Nicolás Aguirre

Personal information
- Full name: Nicolás Diego Aguirre
- Date of birth: 27 June 1990 (age 35)
- Place of birth: Chabás, Argentina
- Height: 1.81 m (5 ft 11 in)
- Position: Midfielder

Team information
- Current team: Unión Tarija
- Number: 32

Youth career
- Arsenal de Sarandí

Senior career*
- Years: Team / Apps / (Gls)
- 2008–2015: Arsenal de Sarandí / 109 / (10)
- 2010–2011: → Atlético Rafaela (loan) / 27 / (1)
- 2015–2018: Lanús / 58 / (8)
- 2018: Chongqing Lifan / 5 / (0)
- 2018–2019: Granada / 16 / (1)
- 2020–2021: Atlético Tucumán / 18 / (1)
- 2021–2022: Sport Recife / 0 / (0)
- 2022: Atlético Rafaela / 11 / (2)
- 2023: Arsenal de Sarandí / 3 / (0)
- 2024: Provincial Ovalle / 8 / (2)
- 2024: San Miguel / 4 / (0)
- 2025: Huracán Chabás / – / (–)
- 2025–: Unión Tarija / – / (–)

= Nicolás Aguirre (footballer, born 1990) =

Argentine footballer (born 1990)

Nicolás Diego Aguirre (/es/; born 27 June 1990) is an Argentine footballer who plays as a midfielder for Bolivian club Unión Tarija.

==Club career==
Born in Chabás, Aguirre graduated from the youth setup of Arsenal de Sarandí and made his first team debut on 9 November 2008, in a 1–0 defeat against Boca Juniors. On 29 March 2010, he scored his first goal for the club in a 1–0 victory against San Lorenzo.
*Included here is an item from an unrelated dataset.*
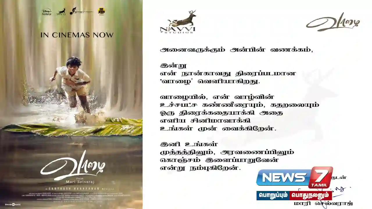 அனைவருக்கும் அன்பின் வணக்கம், இன்று என் நான்காவது திரைப்படமான ‘வாழை’ வெளியாகிறது. வாழையில், என் வாழ்வின் உச்சபட்ச கண்ணீரையும், கதறலையும் ஒரு திரைக்கதையாக்கி அதை எளிய சினிமாவாக்கி உங்கள் முன் வைக்கிறேன். இனி உங்கள் முத்தத்திலும், அரவணைப்பிலும் கொஞ்சம் இளைப்பாறுவேன் என்று நம்புகிறேன். பிரியங்களுடன் மாரி செல்வராஜ் எனப் பதிவிட்டுள்ளார்.

In July, he was loaned to second-tier club Atlético Rafaela.

After amassing more than 100 appearances for Arsenal, Aguirre moved to Lanús on 12 February 2015 as a replacement for the injured Sebastián Leto. On 12 April, he scored his first goal for the club in a 2–1 victory over Banfield. In June 2016, he suffered a muscle injury in his leg, which ruled him out of play for 1 month. With the signing of Miguel Almirón, his playing time became limited in the 2016 season.

On 2 February 2018, Aguirre moved abroad for the first time and joined Chinese Super League club Chongqing Dangdai Lifan.

On 8 July 2018, Aguirre joined Segunda División side Granada CF, a club also owned by Jiang Lizhang, for one year on a free transfer. He left the club at the end of the season. He remained without club until 19 January 2020, where he signed a deal until June 2021 with Atlético Tucumán.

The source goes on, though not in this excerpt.